I wonder how much worse it might be for those with only a High School Diploma, or perhaps those who've dropped out without even that.

So our educational system is in trouble, and that's even before the deleterious effects of Bush's "No Child Left Behind" (why does that remind me of the Christian book series "Left Behind"), have had a chance to further damage our future.

I know that my own estimation, upon reflection from adulthood, of my own school teachers--throughout my school years (including state university), is rather low. I'm amazed I learned anything or tolerated the experience; I could've covered two or three times the information and even spent quality time developing critical thinking skills as was covered... so much of what was covered was done redundantly and in an extraordinarily tedious/boring and slow way, it's almost depressing. Many student I knew just couldn't stand the monotony. Most of the teachers themselves suffered from some notion that they deserved respect despite acting like minature dictators with insufficient grasp of their own subjects that they could scarcely give a straight answer to questions (which, before long, resulted in students not even bothering to ask questions). I'm sure, though, that there are a great many different and widely varying levels of quality among the public (and private) schools, and I'm referring to a small town school decades ago.

No doubt though, the problem is deeper than just the schools. Something is missing in our society, too many young people (actually, it's not specific to young people either) are withdrawn, uninvolved and seeking nothing more than to just 'get by'. Opportunity, a magic word, seems less common than ever. Even in 'good jobs', often the company isn't interested in the potentially wide range of skills and contributions an individual might make, but rather just wants them to perform their narrow job description (don't bother us with your bright ideas unless you have advanced education and years of experience in the particular arena because otherwise, you can't possibly contribute anything of value). If that has anything to do with it, it's but one small part of a larger whole. Why does this malaise and indifference exist? Why are only the few, highly self-motivated individuals given incentives--when it's those who aren't motivated that need to feel involved and who represents the great untapped reservoir of potential?
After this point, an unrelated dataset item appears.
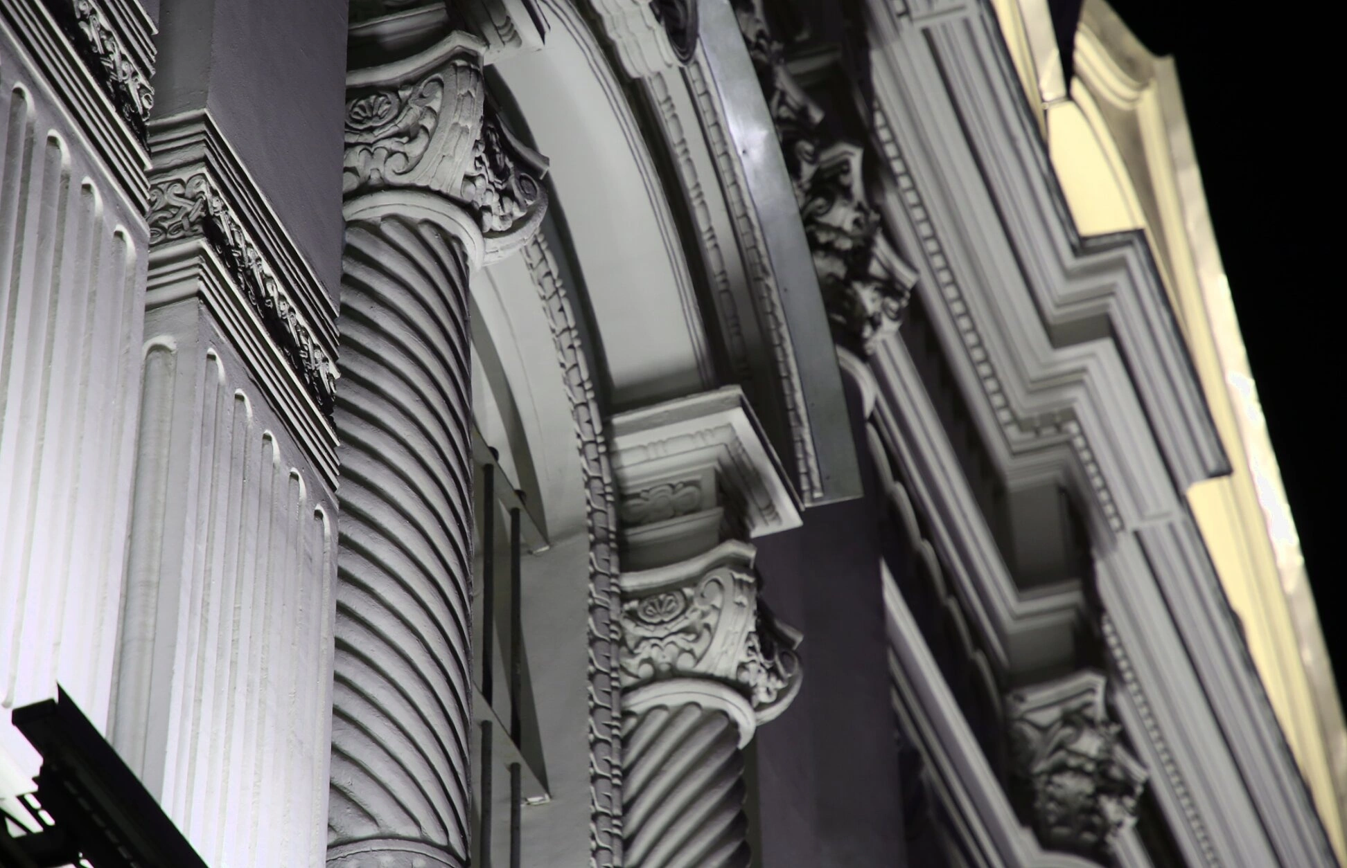 В левой части композиции видны колонны с вертикальными каннелюрами (желобками), а в центре и справа — колонны со спиральными, винтовыми каннелюрами. Богато украшенные капители колонн выполнены в стиле барокко или классицизма и покрыты резными орнаментами. Фасад дополняют сложные карнизы, молдинги и фризы с лепниной и резьбой, характерные для храмовой архитектуры XIX века.

Perhaps it's a consequence of a society in which we are inundated and overwhelmed with information, constant change, sophisticated technology and no guidance other than what we can come up with for ourselves. In a world with so many billions of people, political instability with unwise or even insane leaders causing wars and wholesale strife. In a country in which we don't even care for the soldiers who've given their lives and/or much of their futures doing their duties, and in which all our futures have been mortgaged to provide greater wealth to the wealthy and greater profits to corporations, and in which we've dismantled much of our protections on the environment showing no concern for the future and future generations... perhaps people are just overwhelmed. Being overwhelmed tends to diminish motivation, reduce studying for students, and necessarily leave people focusing on merely surviving. No wonder then that students aren't as accomplished as we would hope; indeed nothing is going as well as we would hope. Hopelessness and fear abound, opening opportunities for those who would seek to subjugate others--the very people who make things worse. It's small wonder if there's a resurgence of people turning to Religion for guidance, meaning and a sense of belonging.
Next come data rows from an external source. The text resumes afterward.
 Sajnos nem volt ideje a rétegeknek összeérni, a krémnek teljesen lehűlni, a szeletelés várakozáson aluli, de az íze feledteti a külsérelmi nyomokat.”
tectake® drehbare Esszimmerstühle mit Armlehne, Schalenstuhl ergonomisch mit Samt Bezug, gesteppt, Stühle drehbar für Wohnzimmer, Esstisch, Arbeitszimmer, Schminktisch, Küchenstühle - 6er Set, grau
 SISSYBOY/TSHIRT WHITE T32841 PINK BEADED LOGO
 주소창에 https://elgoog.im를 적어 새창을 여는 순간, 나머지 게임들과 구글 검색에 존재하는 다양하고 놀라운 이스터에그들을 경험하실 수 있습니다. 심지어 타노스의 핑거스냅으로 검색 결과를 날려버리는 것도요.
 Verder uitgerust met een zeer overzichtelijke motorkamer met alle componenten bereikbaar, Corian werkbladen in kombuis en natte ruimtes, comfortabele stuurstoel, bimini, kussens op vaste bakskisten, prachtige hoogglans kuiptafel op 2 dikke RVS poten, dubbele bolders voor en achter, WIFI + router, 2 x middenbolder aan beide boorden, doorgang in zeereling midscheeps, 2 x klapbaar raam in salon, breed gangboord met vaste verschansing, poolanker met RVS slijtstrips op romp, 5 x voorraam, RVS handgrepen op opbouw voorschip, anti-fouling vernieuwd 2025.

Times like these call for leadership. Instead we get Bush. We need change, but only wise, progressive change. Alas we get change, but it's misguided, deceptive and harmful for the majority. Indeed, if we can't have healthy change, we need to avoid change entirely. If we could but restore the world to the point before the worst of the changes we've seen, to the year 2000 (pre-Bush jr.). Alas. We are where we are and we're still badly off course. Until we resove and correct the current insanity, fewer and fewer people are going to retain their ability to think rationally--as though we were all being either driven mad or enduring increased brain damage. Stress inhibits effective reasoning.

This has all been somewhat confused conjecture in it's own right. Sorry, perhaps when the world has returned to it's senses, so will I. Till then, we still must search our imaginations for solutions. Some are more obvious than others; for instance, making an effective challenge, in every Congressional race in the nation, on behalf of Democrats this year and consequently winning back more seats than anyone expects would be the ideal first step in stopping the madness.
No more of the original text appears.